0001 .. SPDX-License-Identifier: GPL-2.0
0002
0003 ==============================================
0004 Management Component Transport Protocol (MCTP)
0005 ==============================================
0006
0007 net/mctp/ contains protocol support for MCTP, as defined by DMTF standard
0008 DSP0236. Physical interface drivers ("bindings" in the specification) are
0009 provided in drivers/net/mctp/.
0010
0011 The core code provides a socket-based interface to send and receive MCTP
0012 messages, through an AF_MCTP, SOCK_DGRAM socket.
0013
0014 Structure: interfaces & networks
0015 ================================
0016
0017 The kernel models the local MCTP topology through two items: interfaces and
0018 networks.
0019
0020 An interface (or "link") is an instance of an MCTP physical transport binding
0021 (as defined by DSP0236, section 3.2.47), likely connected to a specific hardware
0022 device. This is represented as a ``struct netdevice``.
0023
0024 A network defines a unique address space for MCTP endpoints by endpoint-ID
0025 (described by DSP0236, section 3.2.31). A network has a user-visible identifier
0026 to allow references from userspace. Route definitions are specific to one
0027 network.
0028
0029 Interfaces are associated with one network. A network may be associated with one
0030 or more interfaces.
0031
0032 If multiple networks are present, each may contain endpoint IDs (EIDs) that are
0033 also present on other networks.
0034
0035 Sockets API
0036 ===========
0037
0038 Protocol definitions
0039 --------------------
0040
0041 MCTP uses ``AF_MCTP`` / ``PF_MCTP`` for the address- and protocol- families.
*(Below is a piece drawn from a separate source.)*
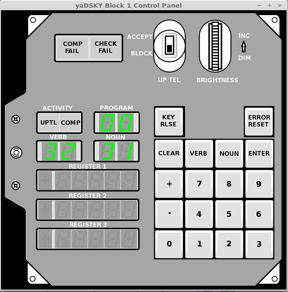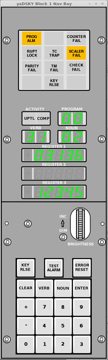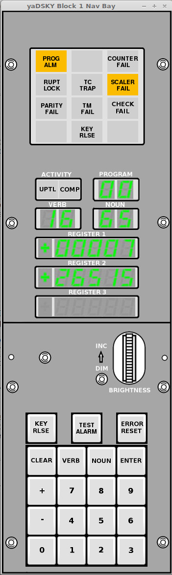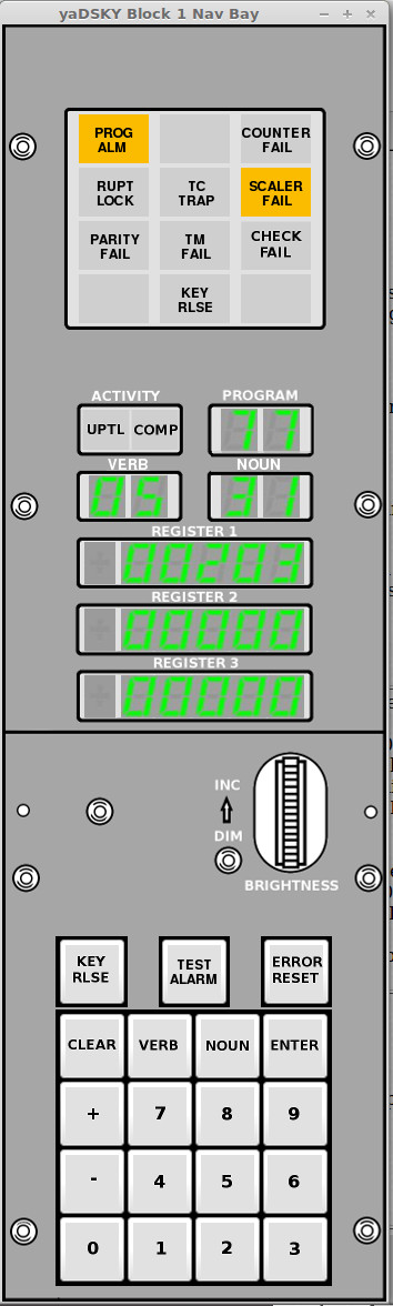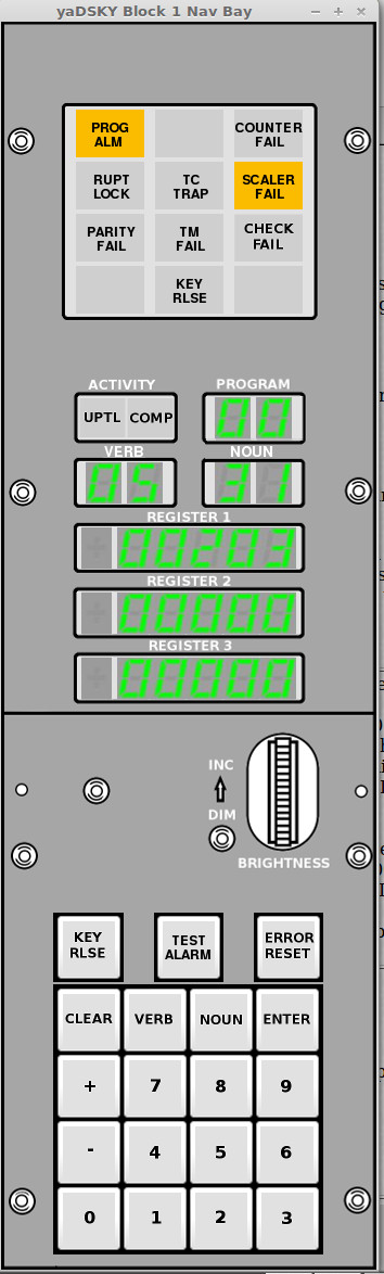 enough to take a screenshot of it. At first, it will really show "PROGRAM 00" rather than "PROGRAM 77", because the AGC is in "major mode" 00. What has happened, however, is that on power-up the AGC hasn't been able to detect any Inertial Measurement Unit (IMU), because we don't have a simulation for one hooked up to it! Detecting this condition, a specific AGC program called the "Night Watchman" has detected this condition and decided to flip over to major mode 77 ... which isn't documented, as far as I can tell, and none of the original AGC developers I've contacted remember it, including Jim Kernan, who was Solarium's "rope mother". Of the other items displayed, "VERB 05" is an "octal display of data" while "NOUN 31" indicates that the data being displayed is "Failreg", the failure register. The 5-digit displays, I believe, are the last three error conditions reported, of which only one, 00203 actually has an error code in it. Thus, you are seeing "Alarm 00203". According to the source code, alarm 00203 is "NO IMU MODE INDICATED TO COMPUTER". The IMU mode is communicated to the AGC through its input register IN2, I believe, which is all zeroes at this point, given that there is no IMU, and all zeroes is not recognized as a legitimate IMU mode. |

0042 Since MCTP is message-based, only ``SOCK_DGRAM`` sockets are supported.
0043
0044 .. code-block:: C
0045
0046 int sd = socket(AF_MCTP, SOCK_DGRAM, 0);
0047
0048 The only (current) value for the ``protocol`` argument is 0.
0049
0050 As with all socket address families, source and destination addresses are
0051 specified with a ``sockaddr`` type, with a single-byte endpoint address:
0052
0053 .. code-block:: C
0054
0055 typedef __u8 mctp_eid_t;
0056
0057 struct mctp_addr {
0058 mctp_eid_t s_addr;
0059 };
0060
0061 struct sockaddr_mctp {
0062 __kernel_sa_family_t smctp_family;
0063 unsigned int smctp_network;
0064 struct mctp_addr smctp_addr;
0065 __u8 smctp_type;
0066 __u8 smctp_tag;
0067 };
0068
0069 #define MCTP_NET_ANY 0x0
0070 #define MCTP_ADDR_ANY 0xff
0071
0072
0073 Syscall behaviour
0074 -----------------
0075
0076 The following sections describe the MCTP-specific behaviours of the standard
0077 socket system calls. These behaviours have been chosen to map closely to the
0078 existing sockets APIs.
0079
0080 ``bind()`` : set local socket address
0081 ^^^^^^^^^^^^^^^^^^^^^^^^^^^^^^^^^^^^^
0082
0083 Sockets that receive incoming request packets will bind to a local address,
0084 using the ``bind()`` syscall.
0085
0086 .. code-block:: C
0087
0088 struct sockaddr_mctp addr;
0089
0090 addr.smctp_family = AF_MCTP;
0091 addr.smctp_network = MCTP_NET_ANY;
0092 addr.smctp_addr.s_addr = MCTP_ADDR_ANY;
0093 addr.smctp_type = MCTP_TYPE_PLDM;
0094 addr.smctp_tag = MCTP_TAG_OWNER;
0095
0096 int rc = bind(sd, (struct sockaddr *)&addr, sizeof(addr));
0097
0098 This establishes the local address of the socket. Incoming MCTP messages that
0099 match the network, address, and message type will be received by this socket.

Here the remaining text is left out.